- Born: May 17, 1898
- Died: August 27, 1984 (aged 86)
- Occupation: Talent agent
- Spouse: Frances Armus

= Abe Lastfogel =

Abraham Isaac Lastfogel (May 17, 1898 – August 27, 1984) was one of the first employees and a long-time president of the William Morris Agency, a large diversified talent agency.

== Early life ==
Lastfogel was the seventh son of a Jewish animal skinner who had fled Russia in 1889 to escape the pogroms. He was raised in a cold-water flat in New York.

== Career ==
The William Morris Agency hired Lastfogel in 1912 as an office boy. Finding success in the rapidly growing firm, Lastfogel moved to Hollywood in 1932 to manage WMA's Los Angeles office.

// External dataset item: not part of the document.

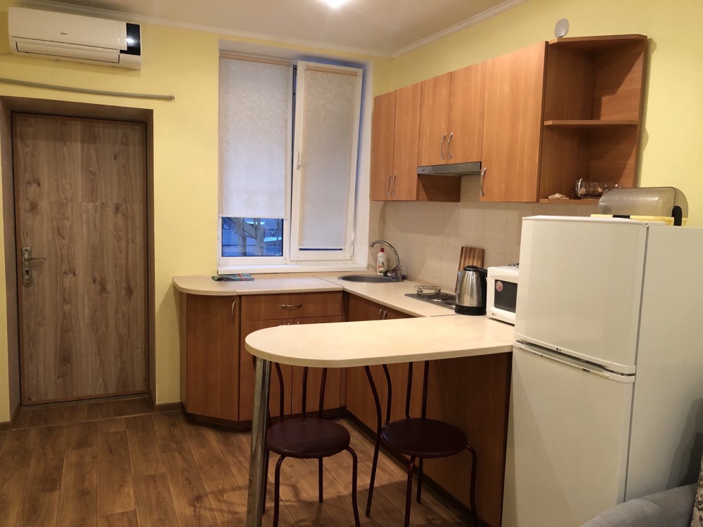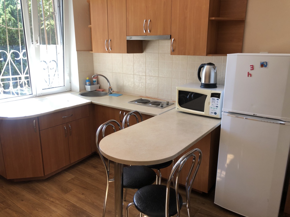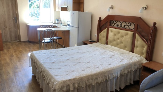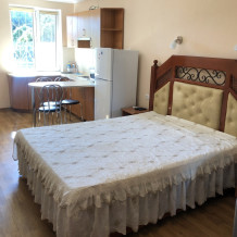 Категорически не советую. Студия с кухней расположена на первом этаже здания, стоящего посреди двора, окруженного чужими ( не хозяйскими )частными домами, т.е. ни какого дворика с мангальной зоной нет- мангал стоит в метрах 30, возле чужего частного дома. Чтобы попасть во двор ( место между частными домами) и оставить там машину ( заявлено как парковка) необходимо проехать и пройти мимо пьяной толпы соседей, которые навязываются знакомится. Вечером вообще будет страшно выйти. Когда заселились оплатила по глупости сразу всю сумму за две ночи. Осмотревшись на месте, (пробыли 5 мин, даже вещи не занесли), попросила вернуть деньги т.к. решили съехать, хозяин отказался возвращать. Еле вернул за сутки, еще и нахамил сказал какая цена, такой и сервис!!!

He became chairman of the agency while William Morris Jr. served as president.

=== USO shows ===
During World War II, Lastfogel oversaw USO camp shows, which were wartime entertainment events featuring more than 7,000 performers seen by an estimated 200 million servicemen.

== Personal life ==
In 1927, Lastfogel married Frances Arms, a former Vaudeville performer. They had no children.

Lastfogel died of a heart attack in 1984 at Cedars-Sinai Medical Center in Los Angeles and was interred at the Hillside Memorial Park Cemetery.